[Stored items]
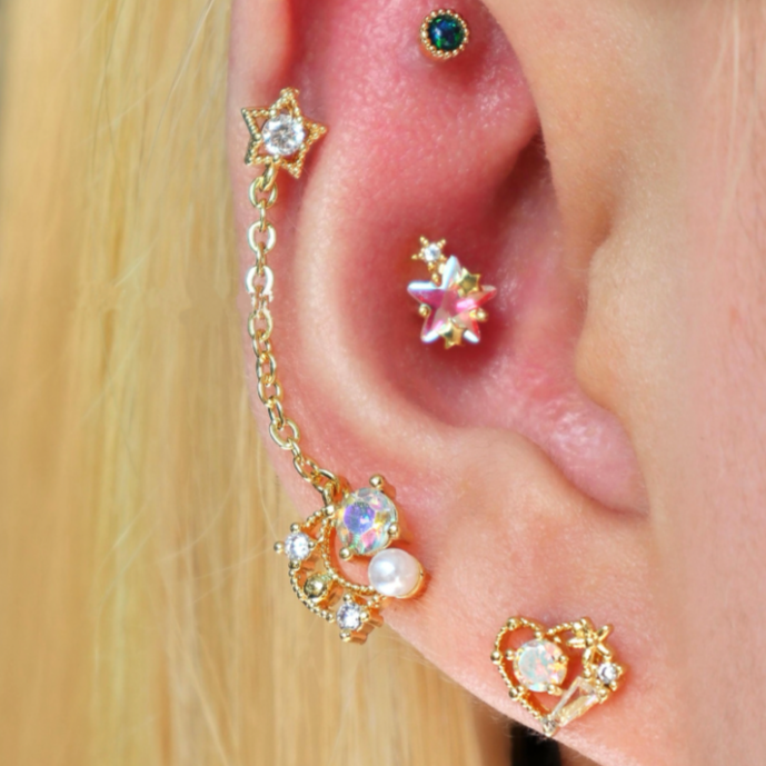 Korean Piercings Jewellery use a lot of colourful gems and crystal, different from traditional gold or sliver designs.
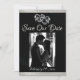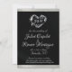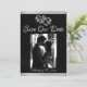 Este diseño romántico presenta un elegante fondo negro con bordes de cinta, espacio para la foto de la pareja, y dos corazones enlazados con la fecha del evento en elegante letra cursiva en la parte frontal. La parte trasera tiene un espacio para monograma, más información y lugar para su sitio web. Disponible en varios colores para el tema de su boda. (La cinta es simulada en el arte). Diseñado para coordinar con la colección de bodas "Two Shall Become One - Silver & Gold". Para cambiar detalles, haga clic en «Personalizar». Para mover el texto o cambiar el tamaño del texto, la fuente o el color, haga clic en «Haga clic para personalizar más».
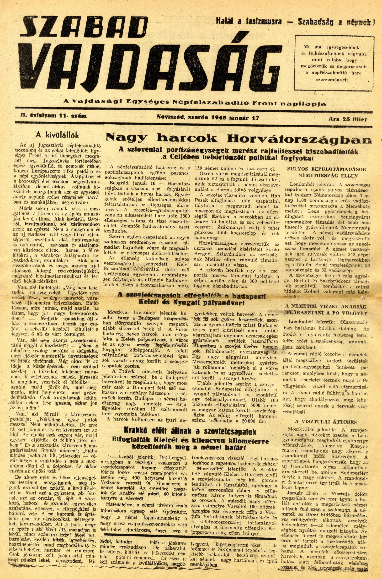 Szabad Vajdaság, 2. évf. 1945. január 17. 11. sz.
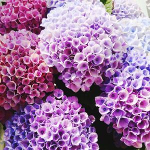 変わった紫陽花を買って来ました。 いろんな色が混ざっていてステキ💕
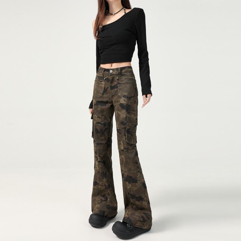 ・素材: 綿弾性デニム・主素材: 綿70-80%、スパンデックス30%以下・スタイル: ワークパンツ・パンツ丈: フルレングス・ウエスト: ハイウエスト・厚さ: 普通・加工: ダメージ加工、ウォッシュ加工、ジッパー、ボタン・カラー: 迷彩柄(フルレングス)、迷彩柄(ロング)・サイズ: XS、S、M、L、XL・スタイル: ストリートファッション・ストレッチ: 中程度・パンツタイプ: フレアジーンズ・種類: ジーンズ

Prompt =>
I'd like every record printed exactly, with the pictures left out.

Result =>
 Korean Piercings Jewellery use a lot of colourful gems and crystal, different from traditional gold or sliver designs.
 Este diseño romántico presenta un elegante fondo negro con bordes de cinta, espacio para la foto de la pareja, y dos corazones enlazados con la fecha del evento en elegante letra cursiva en la parte frontal. La parte trasera tiene un espacio para monograma, más información y lugar para su sitio web. Disponible en varios colores para el tema de su boda. (La cinta es simulada en el arte). Diseñado para coordinar con la colección de bodas "Two Shall Become One - Silver & Gold". Para cambiar detalles, haga clic en «Personalizar». Para mover el texto o cambiar el tamaño del texto, la fuente o el color, haga clic en «Haga clic para personalizar más».
 Szabad Vajdaság, 2. évf. 1945. január 17. 11. sz.
 変わった紫陽花を買って来ました。 いろんな色が混ざっていてステキ💕
 ・素材: 綿弾性デニム・主素材: 綿70-80%、スパンデックス30%以下・スタイル: ワークパンツ・パンツ丈: フルレングス・ウエスト: ハイウエスト・厚さ: 普通・加工: ダメージ加工、ウォッシュ加工、ジッパー、ボタン・カラー: 迷彩柄(フルレングス)、迷彩柄(ロング)・サイズ: XS、S、M、L、XL・スタイル: ストリートファッション・ストレッチ: 中程度・パンツタイプ: フレアジーンズ・種類: ジーンズ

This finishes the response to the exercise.